[Stored entries]
= Beginning of Section =

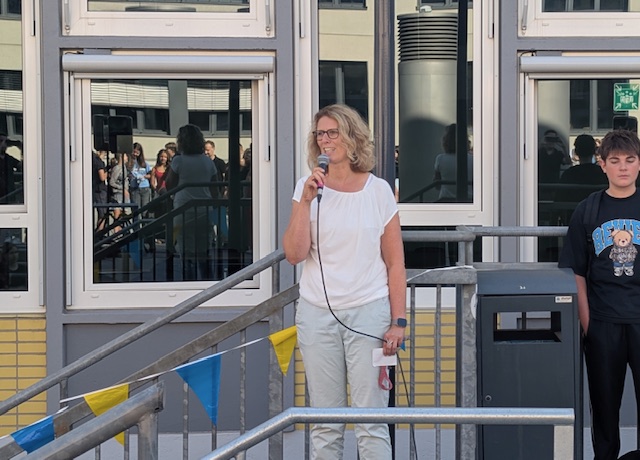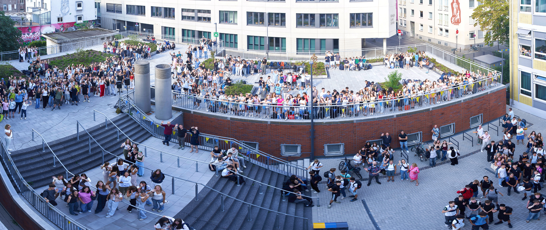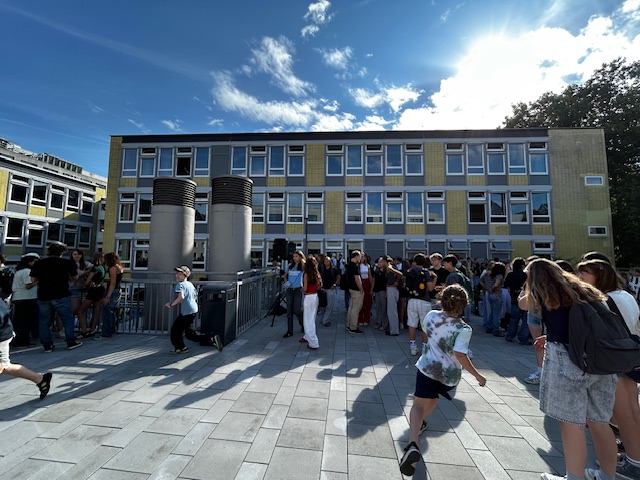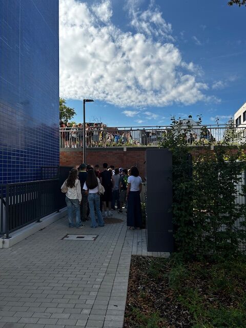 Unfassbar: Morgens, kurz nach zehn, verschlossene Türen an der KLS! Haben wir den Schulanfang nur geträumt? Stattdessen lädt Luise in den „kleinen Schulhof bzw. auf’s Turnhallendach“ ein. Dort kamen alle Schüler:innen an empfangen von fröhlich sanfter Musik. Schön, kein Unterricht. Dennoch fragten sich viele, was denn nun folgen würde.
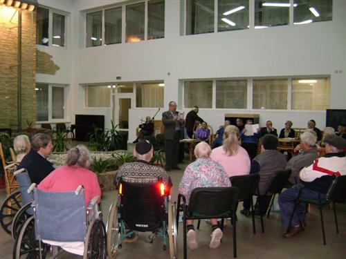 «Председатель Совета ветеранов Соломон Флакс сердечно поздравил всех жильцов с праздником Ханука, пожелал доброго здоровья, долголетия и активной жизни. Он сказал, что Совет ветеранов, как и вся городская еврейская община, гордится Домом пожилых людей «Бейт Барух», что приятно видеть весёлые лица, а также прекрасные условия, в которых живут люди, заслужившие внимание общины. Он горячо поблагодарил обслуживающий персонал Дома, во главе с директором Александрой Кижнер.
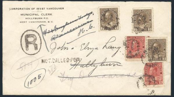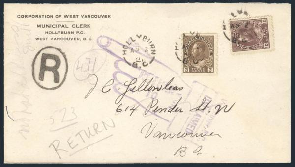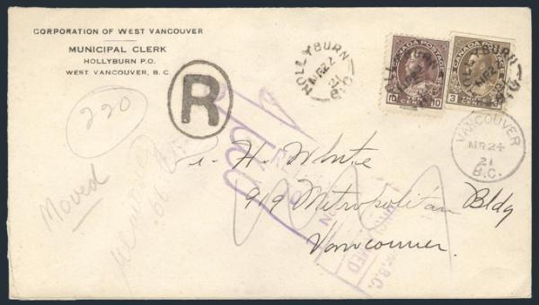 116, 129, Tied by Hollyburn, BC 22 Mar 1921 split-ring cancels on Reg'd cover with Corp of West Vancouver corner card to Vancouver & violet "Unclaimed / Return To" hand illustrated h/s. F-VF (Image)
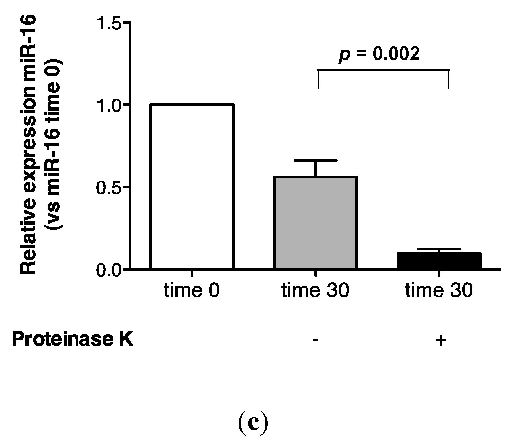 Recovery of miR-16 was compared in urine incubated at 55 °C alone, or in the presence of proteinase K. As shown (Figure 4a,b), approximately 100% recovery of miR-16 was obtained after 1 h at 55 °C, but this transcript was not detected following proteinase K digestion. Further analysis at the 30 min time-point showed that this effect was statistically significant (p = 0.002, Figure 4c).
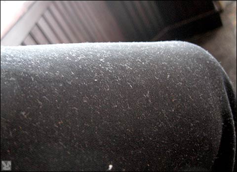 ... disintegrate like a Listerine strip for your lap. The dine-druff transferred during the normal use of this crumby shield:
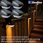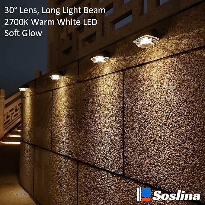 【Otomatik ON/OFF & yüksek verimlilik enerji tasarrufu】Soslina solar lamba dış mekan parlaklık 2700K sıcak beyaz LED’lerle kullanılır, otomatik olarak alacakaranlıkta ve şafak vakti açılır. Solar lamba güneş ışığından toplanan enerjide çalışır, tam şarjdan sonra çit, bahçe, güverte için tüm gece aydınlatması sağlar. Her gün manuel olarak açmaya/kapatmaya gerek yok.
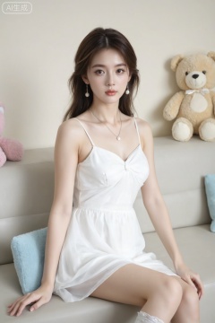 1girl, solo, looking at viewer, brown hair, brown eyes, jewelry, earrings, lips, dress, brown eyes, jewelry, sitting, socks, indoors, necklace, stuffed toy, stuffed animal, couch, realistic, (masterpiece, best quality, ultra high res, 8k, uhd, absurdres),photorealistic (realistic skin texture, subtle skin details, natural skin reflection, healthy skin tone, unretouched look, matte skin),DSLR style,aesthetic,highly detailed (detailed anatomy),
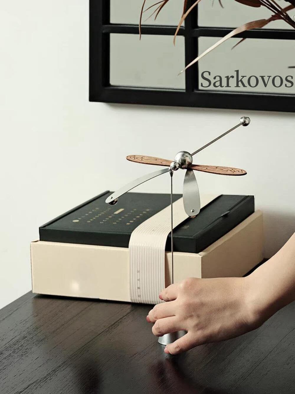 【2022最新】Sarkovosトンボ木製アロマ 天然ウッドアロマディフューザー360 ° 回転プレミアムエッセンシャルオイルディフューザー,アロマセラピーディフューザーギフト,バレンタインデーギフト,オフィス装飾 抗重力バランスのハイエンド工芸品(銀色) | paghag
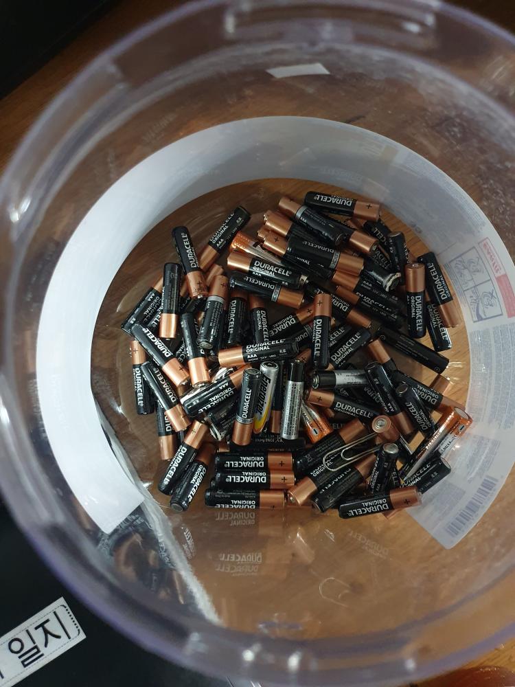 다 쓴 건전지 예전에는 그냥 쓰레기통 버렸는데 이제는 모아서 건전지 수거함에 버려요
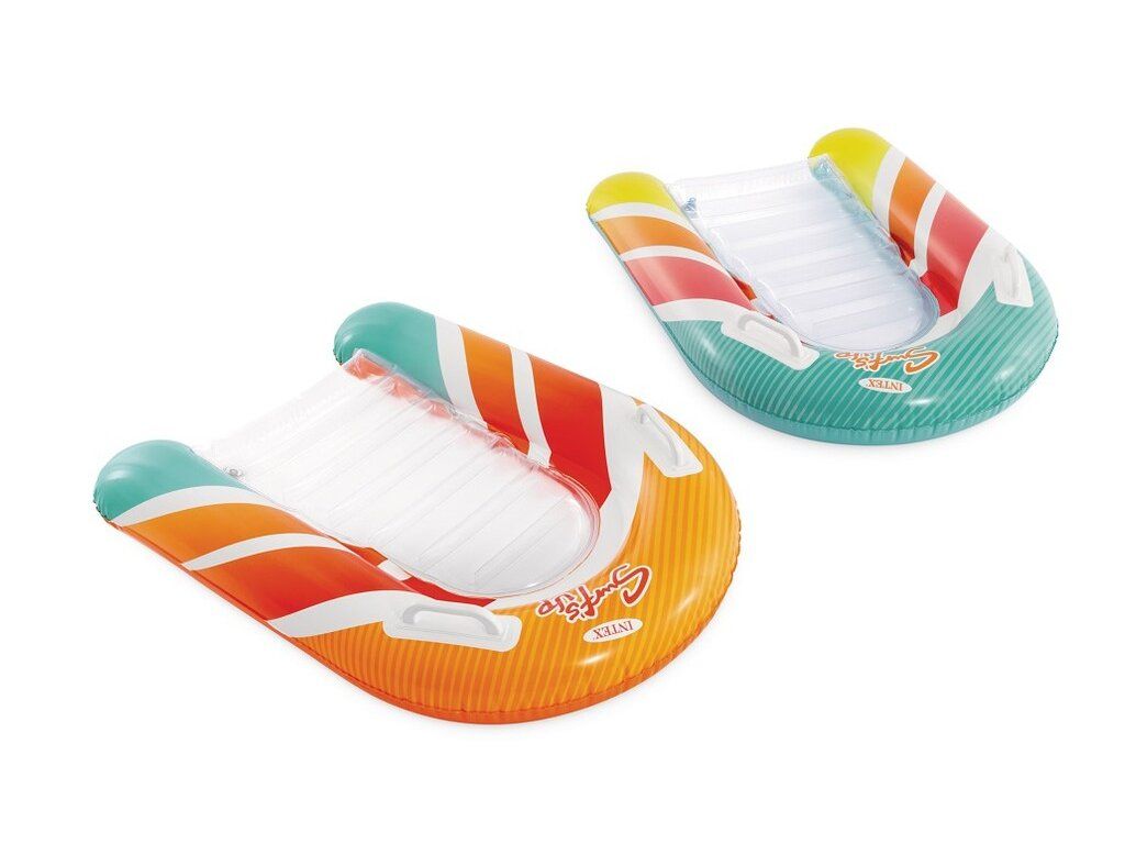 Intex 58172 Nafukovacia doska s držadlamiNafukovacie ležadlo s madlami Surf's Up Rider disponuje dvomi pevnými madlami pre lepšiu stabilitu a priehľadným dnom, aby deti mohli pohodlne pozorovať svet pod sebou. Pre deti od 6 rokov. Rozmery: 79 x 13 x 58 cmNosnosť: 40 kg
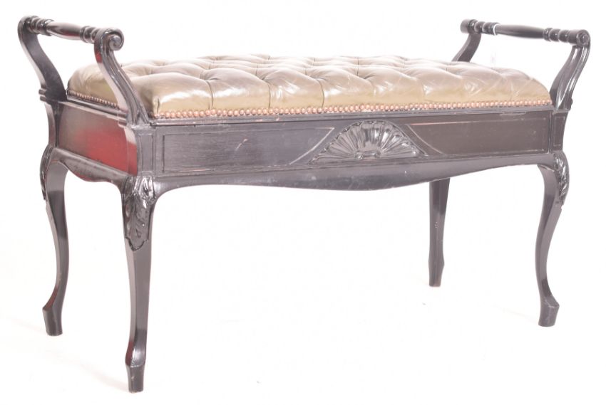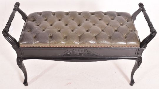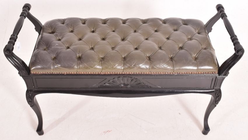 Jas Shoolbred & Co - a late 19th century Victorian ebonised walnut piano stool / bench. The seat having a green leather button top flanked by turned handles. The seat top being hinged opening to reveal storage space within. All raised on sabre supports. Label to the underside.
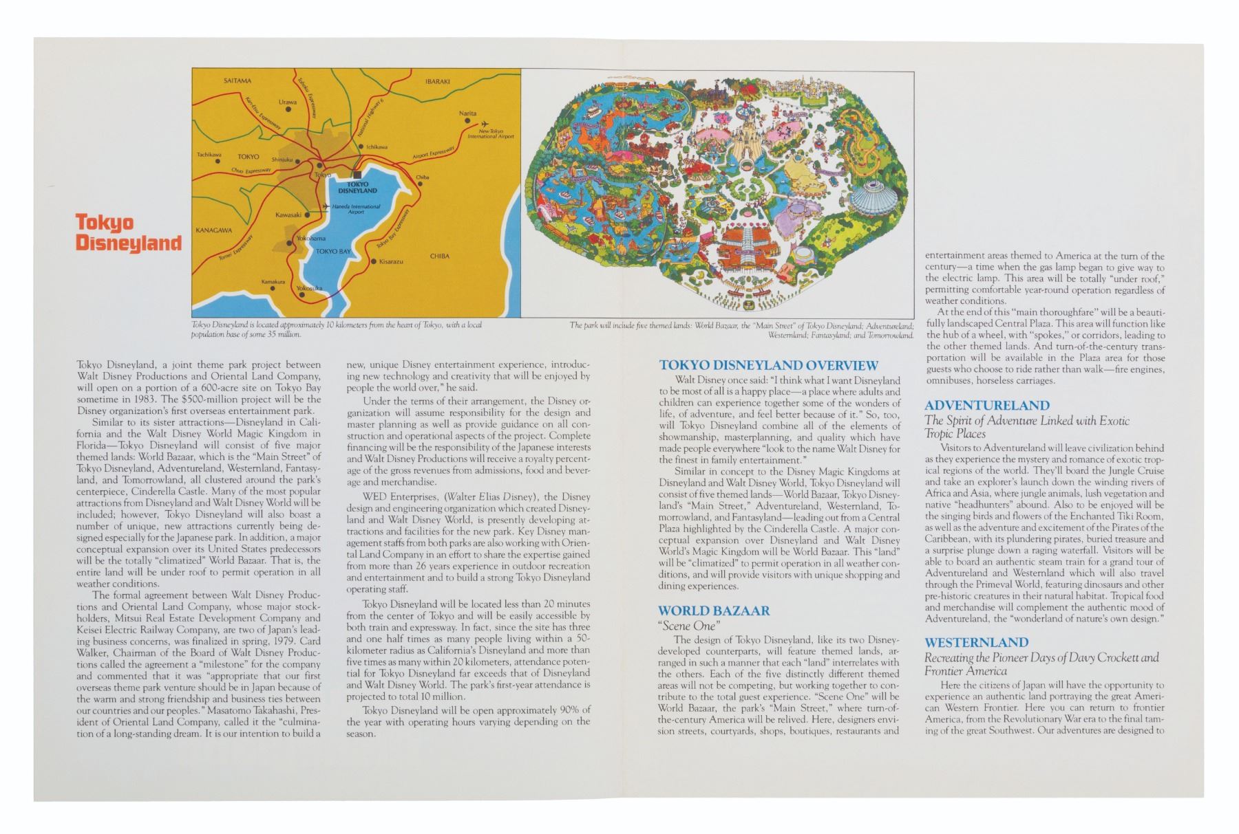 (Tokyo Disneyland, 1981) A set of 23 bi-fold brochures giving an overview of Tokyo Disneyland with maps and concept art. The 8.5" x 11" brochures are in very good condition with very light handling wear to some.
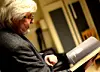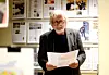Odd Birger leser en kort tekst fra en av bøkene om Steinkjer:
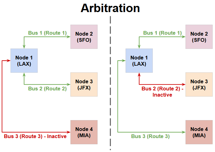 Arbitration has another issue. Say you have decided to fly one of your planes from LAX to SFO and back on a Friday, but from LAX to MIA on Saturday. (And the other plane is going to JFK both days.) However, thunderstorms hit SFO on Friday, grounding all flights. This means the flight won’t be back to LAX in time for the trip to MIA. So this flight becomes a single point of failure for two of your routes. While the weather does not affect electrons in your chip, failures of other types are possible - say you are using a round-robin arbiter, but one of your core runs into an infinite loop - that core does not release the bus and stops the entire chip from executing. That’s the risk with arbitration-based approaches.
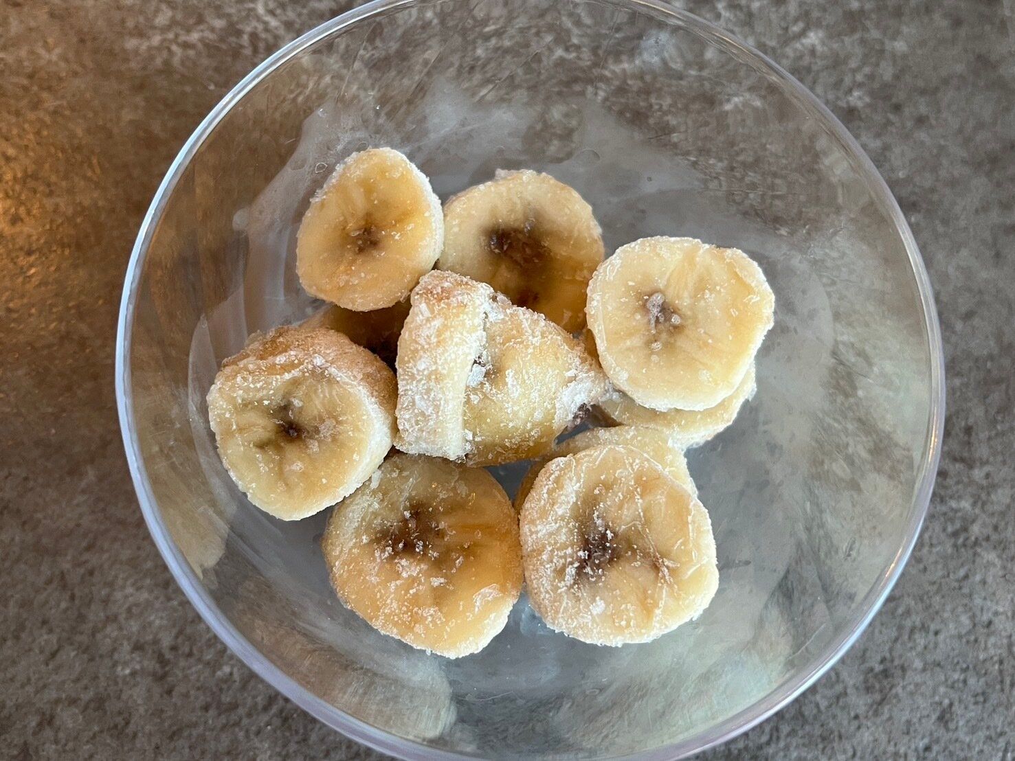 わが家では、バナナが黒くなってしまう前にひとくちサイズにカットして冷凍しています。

= End of Section =

Copy exactly the lines from the one containing "Jas Shoolbred &" through the final line of the records above, both included, and leave out any pictures.

 Jas Shoolbred & Co - a late 19th century Victorian ebonised walnut piano stool / bench. The seat having a green leather button top flanked by turned handles. The seat top being hinged opening to reveal storage space within. All raised on sabre supports. Label to the underside.
 (Tokyo Disneyland, 1981) A set of 23 bi-fold brochures giving an overview of Tokyo Disneyland with maps and concept art. The 8.5" x 11" brochures are in very good condition with very light handling wear to some.
Odd Birger leser en kort tekst fra en av bøkene om Steinkjer:
 Arbitration has another issue. Say you have decided to fly one of your planes from LAX to SFO and back on a Friday, but from LAX to MIA on Saturday. (And the other plane is going to JFK both days.) However, thunderstorms hit SFO on Friday, grounding all flights. This means the flight won’t be back to LAX in time for the trip to MIA. So this flight becomes a single point of failure for two of your routes. While the weather does not affect electrons in your chip, failures of other types are possible - say you are using a round-robin arbiter, but one of your core runs into an infinite loop - that core does not release the bus and stops the entire chip from executing. That’s the risk with arbitration-based approaches.
 わが家では、バナナが黒くなってしまう前にひとくちサイズにカットして冷凍しています。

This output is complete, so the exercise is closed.